Michael J. Schuster, Peter B. Reich

Research output: Contribution to journalArticlepeer-review

1 Scopus citations

Abstract

Acer ginnala Maxim. (Amur maple) is a growing threat to woodland systems in North America. Despite this, Amur maple has been largely ignored by ecologists, and scientific understanding of the species is mostly limited to anecdotal evidence from land managers.

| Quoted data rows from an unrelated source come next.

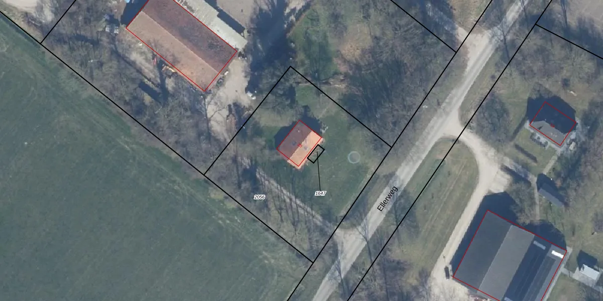 Het perceel waarop Ellerweg 20 staat heeft een oppervlakte van 2055 m². Dit is een zeer groot perceel. De perceeloppervlakte wordt geregistreerd door het Kadaster. Gedetailleerde informatie over de maten van dit perceel kunt u vinden in het rapport Kadastrale kaart met maatvoering van Ellerweg 20.
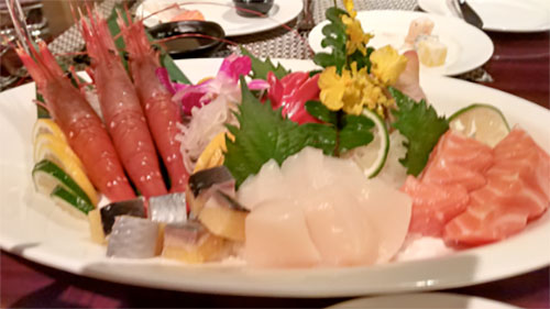 我是个吃货,面对美食,毫无抵抗力。可惜肚子容量有限,不能贪多浪费,只好挑最爱的几样品尝。那肥而不腻的三文鱼、新鲜的大龙虾,再来一片柔嫩的鹅肝、一块牛排,配一杯红酒加一盆蔬菜色沙,就吃得心满意足,眉开眼笑了。
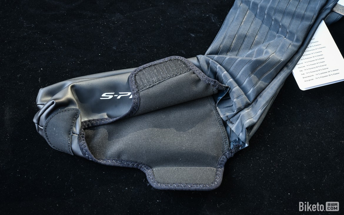 既然是主打气动的鞋套,所以必然是针对计时赛设计的产品。鞋套使用了长款设计,袜筒部分使用气动面料来优化风阻。这款鞋套分为全黑和黑白拼色两款,区别就是袜筒部位的颜色。
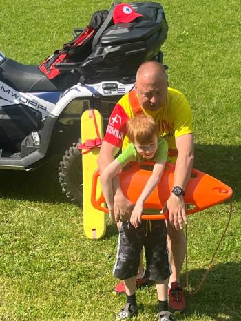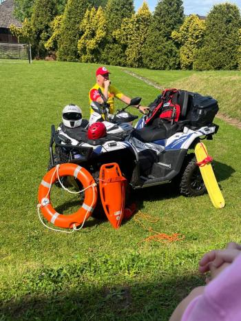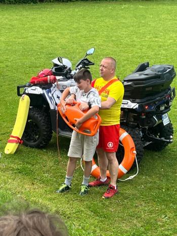 Uczniowie dowiedzieli się jak bezpiecznie zachowywać się nad wodą i jak wygląda sprzęt używany przez ratowników wodnych. Mogli założyć kamizelkę ratunkową i poznać technikę rzucania kołem ratunkowym.
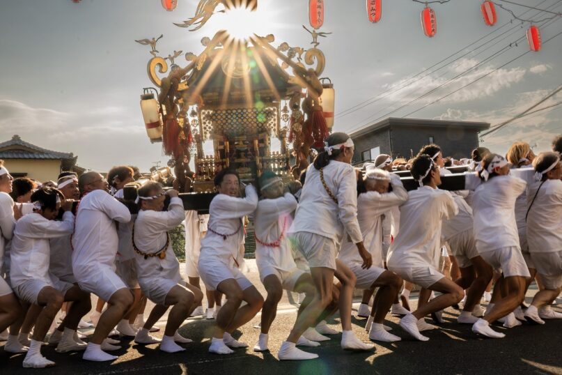 神輿の鳳凰の部分に太陽が重なり、まるで「後光の差した太陽」そのものを頭部に頂いた神輿が現れたようである。担ぎ手たちがそのことを知る由もないのだが、まるで「太陽の神輿」だと知って担いでいるかのように盛り上がり、いっそう華やいで見える。力強く神々しい感じでもある。逆光という条件を逆手に取った撮影とプリント技術から生まれた素晴らしい作品である。
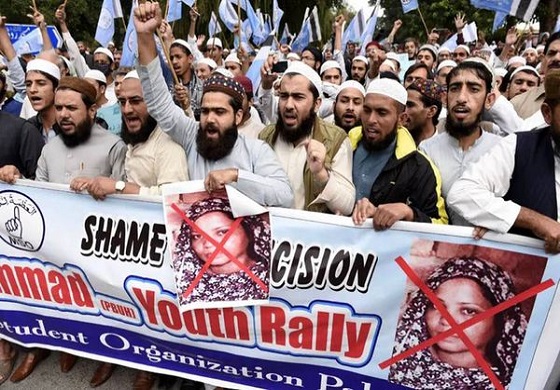 එහෙත් එම තීරණය විරෝධතාවලට තුඩු දුන්නා. රටේ ප්රධාන නගරවල ඉස්ලාමීය අන්තවාදීන් ප්රමුඛකරගත් පිරිස් ඊට මූලික වී සිටියා. 2018 වසරේ නොවැම්බර් මස පකිස්ථාන රජය විරෝධතාවලට නායකත්වය දුන් Tehreek-e-Labbaik දේශපාලන පක්ෂය සමඟ ගිවිසුමකට පවා අත්සන් තැබුවා. ඒ බිබීට රටින් පිටවීමට අවස්ථාව නොදෙන බවට එකඟ වෙමින්. ඒ අනුව ඇයට රටින් පිටවීම තහනම් කෙරුනා.

We evaluated the cover and richness of native and exotic understory plant communities under Amur maple canopies, native tree canopies, and nearby open areas near St. Paul, Minnesota, USA. Overall, Amur maple created dense canopies that only allowed 2% canopy light penetration, strongly reducing cover of all plants except Amur maple. With this critical first step in understanding the impacts of Amur maple complete, we suggest key research priorities related to the distribution of Amur maple, its mechanisms and impacts of invasion, and how best to control its spread in order to encourage future research into Amur maple and mitigate the species’ potential for ecological and economic harm.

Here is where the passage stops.